*PROMPT*
Although the records contain pictures, none belong in the copy: restate word for word only the lines from the one with "以下为第十三周宿舍卫生检查结" through the one with "4日目終了時の選択肢で脱走を", both included.

*GIVEN DATA*

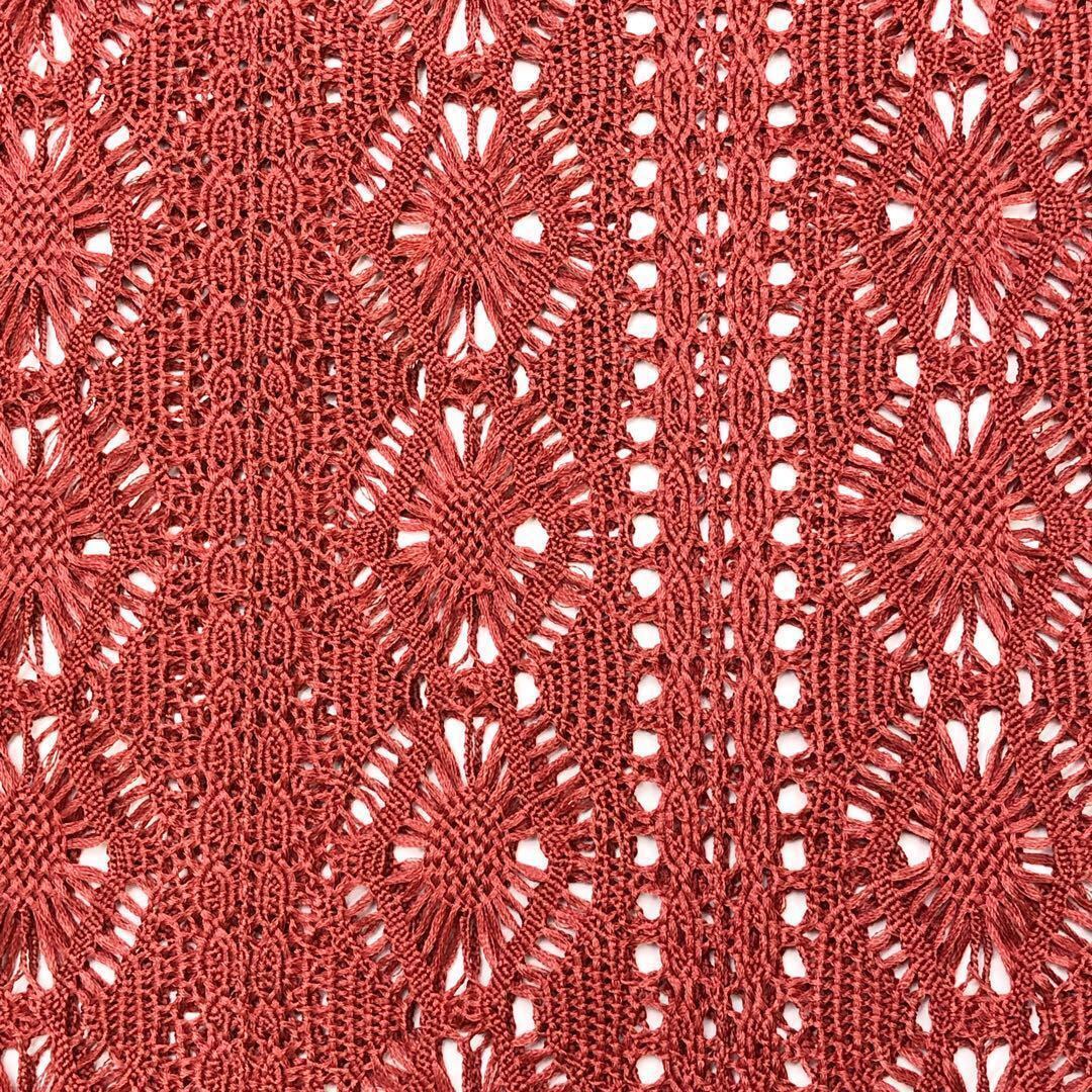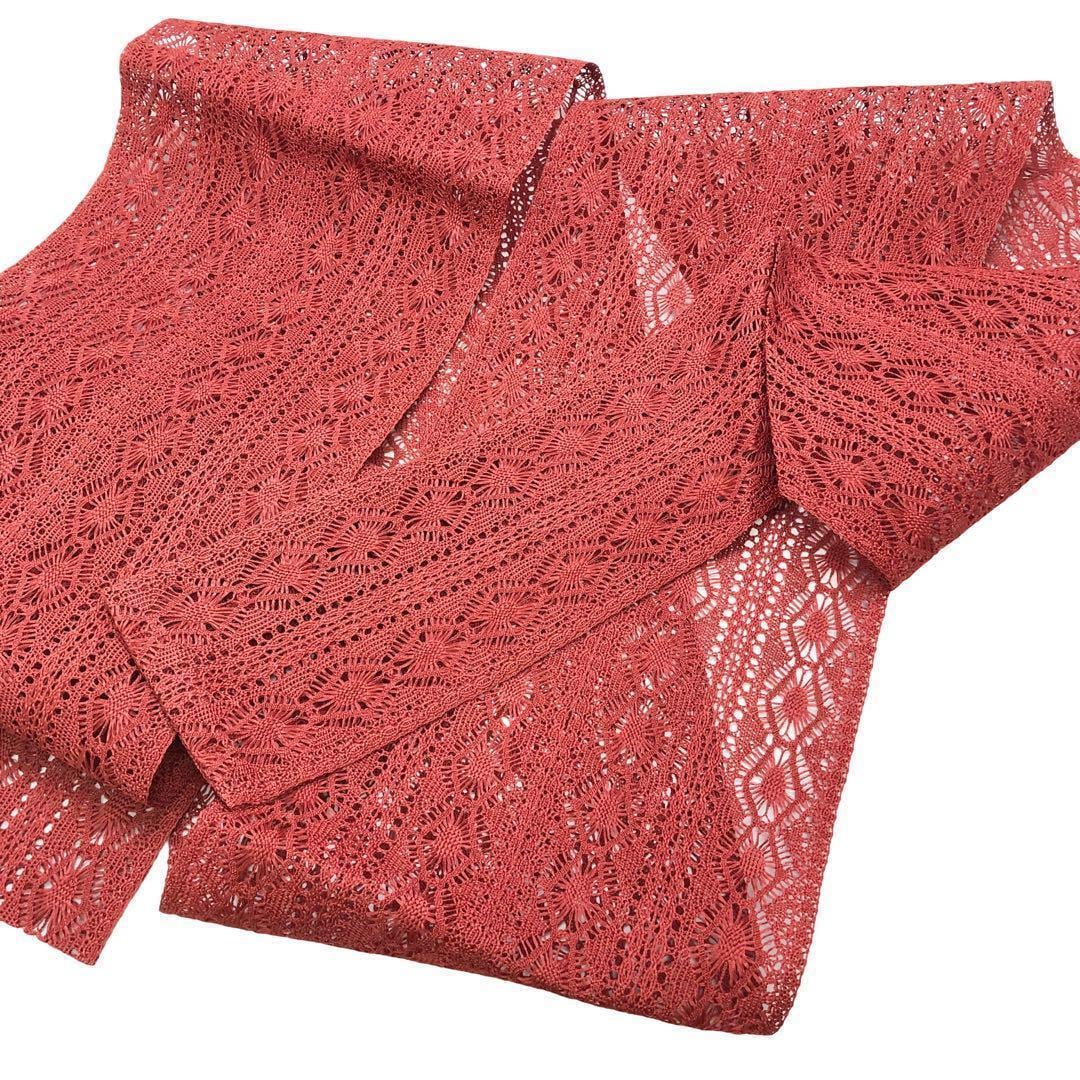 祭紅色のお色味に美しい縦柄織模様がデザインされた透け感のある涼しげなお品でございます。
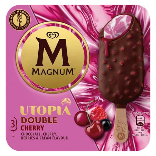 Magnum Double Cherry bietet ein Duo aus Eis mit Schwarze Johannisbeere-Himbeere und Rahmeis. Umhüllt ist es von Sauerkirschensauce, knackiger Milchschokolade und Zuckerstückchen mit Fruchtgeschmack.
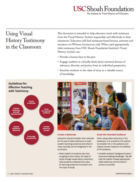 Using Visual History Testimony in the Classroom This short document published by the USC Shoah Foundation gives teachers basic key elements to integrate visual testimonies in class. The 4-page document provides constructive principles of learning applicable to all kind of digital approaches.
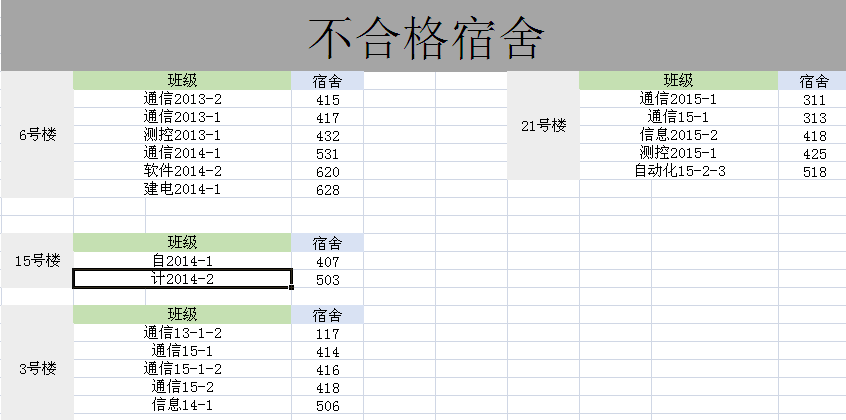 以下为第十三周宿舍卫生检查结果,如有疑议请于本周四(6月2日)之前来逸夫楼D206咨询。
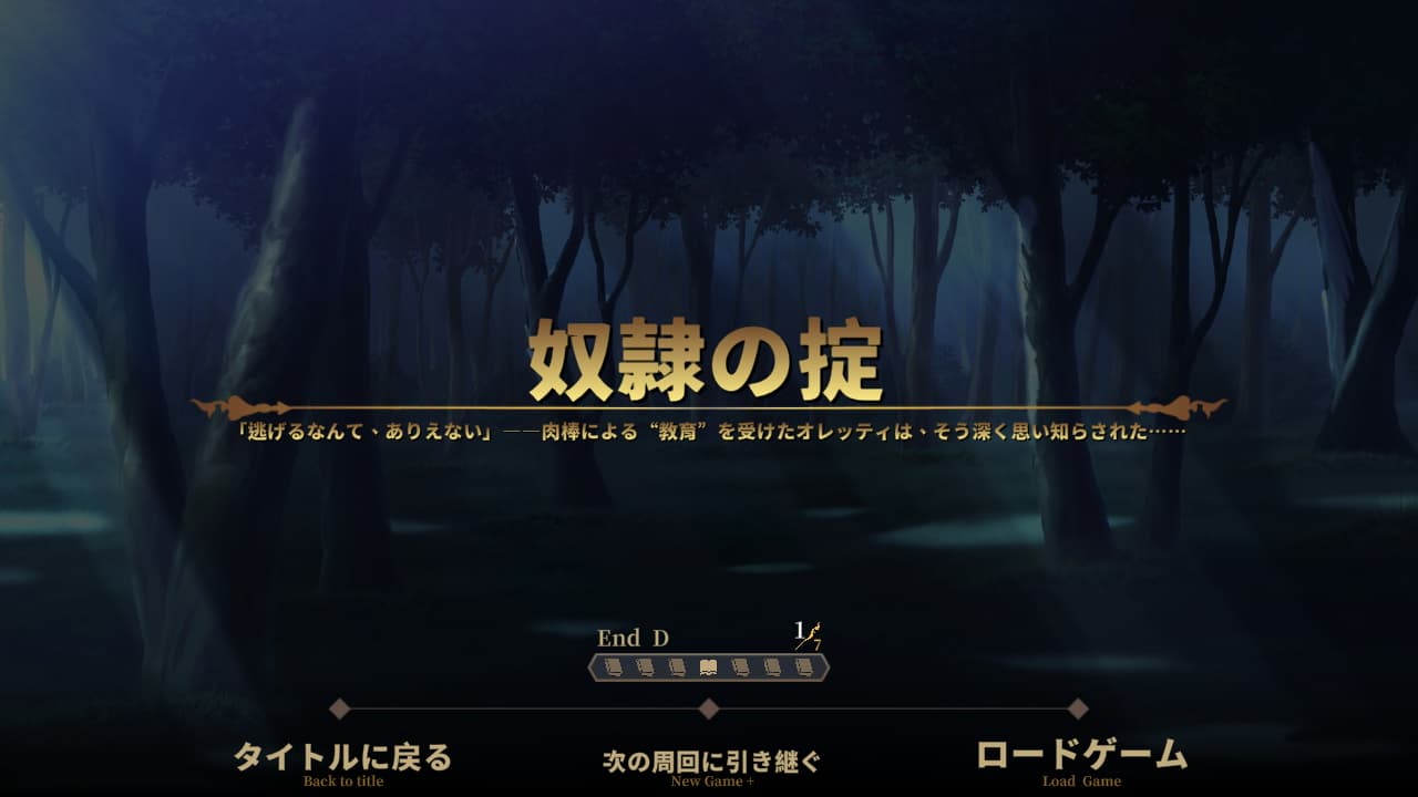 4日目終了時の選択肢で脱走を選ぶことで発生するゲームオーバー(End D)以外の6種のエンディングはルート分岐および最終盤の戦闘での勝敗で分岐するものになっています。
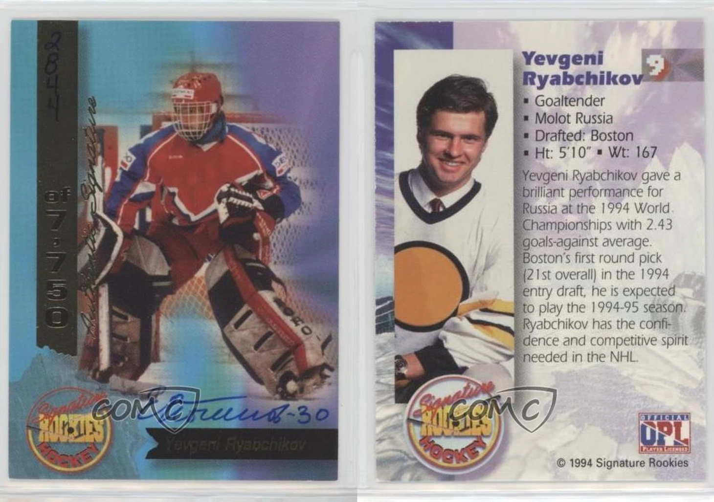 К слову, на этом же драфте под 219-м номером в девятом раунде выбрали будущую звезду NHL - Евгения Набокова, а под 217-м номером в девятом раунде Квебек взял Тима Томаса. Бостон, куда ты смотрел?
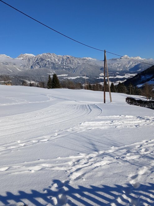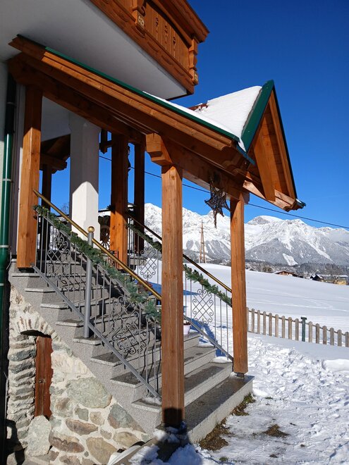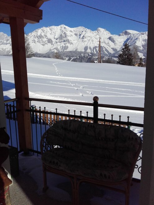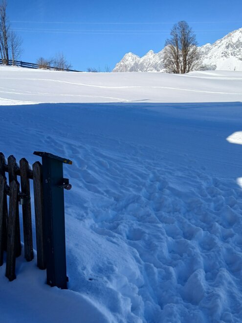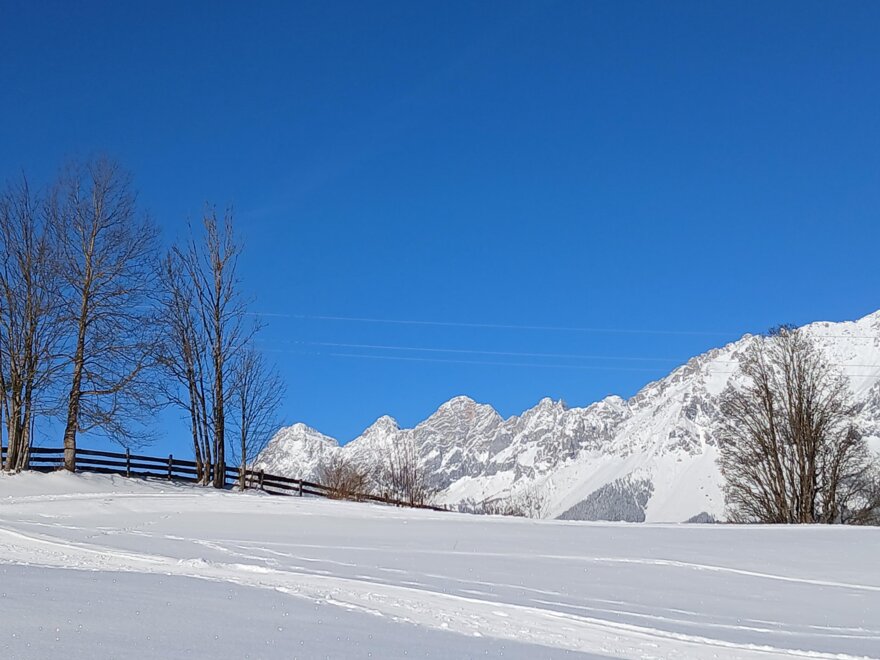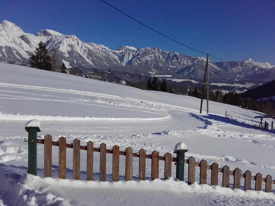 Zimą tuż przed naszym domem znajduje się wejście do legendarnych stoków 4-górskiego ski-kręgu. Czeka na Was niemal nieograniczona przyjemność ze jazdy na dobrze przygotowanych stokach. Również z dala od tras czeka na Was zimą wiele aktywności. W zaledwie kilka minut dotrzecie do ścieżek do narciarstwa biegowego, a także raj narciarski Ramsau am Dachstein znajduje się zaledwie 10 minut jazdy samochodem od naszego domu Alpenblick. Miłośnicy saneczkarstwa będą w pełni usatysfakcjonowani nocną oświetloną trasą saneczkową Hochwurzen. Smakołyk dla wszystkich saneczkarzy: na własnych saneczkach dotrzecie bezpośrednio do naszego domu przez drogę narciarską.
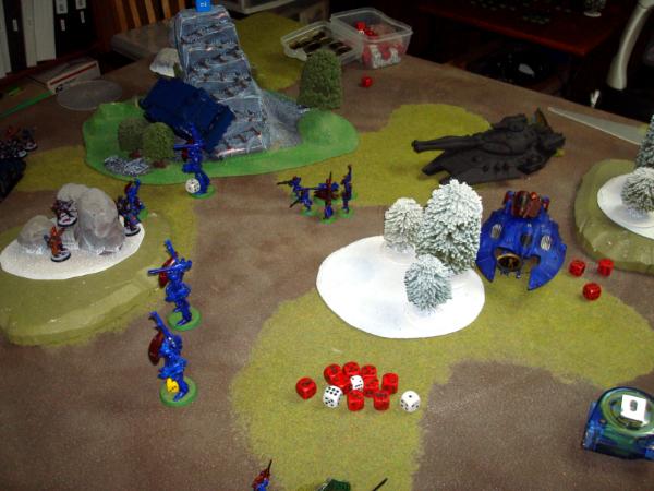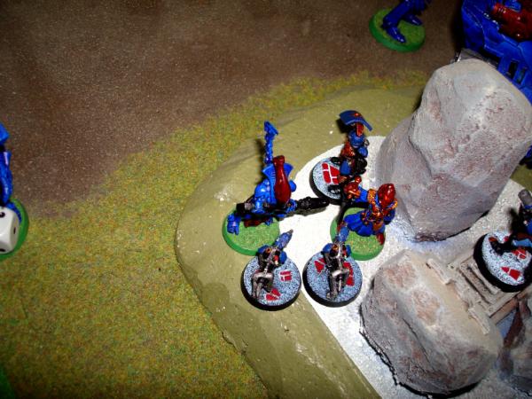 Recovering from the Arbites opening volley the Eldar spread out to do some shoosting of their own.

*YOUR RESPONSE*
 以下为第十三周宿舍卫生检查结果,如有疑议请于本周四(6月2日)之前来逸夫楼D206咨询。
 4日目終了時の選択肢で脱走を選ぶことで発生するゲームオーバー(End D)以外の6種のエンディングはルート分岐および最終盤の戦闘での勝敗で分岐するものになっています。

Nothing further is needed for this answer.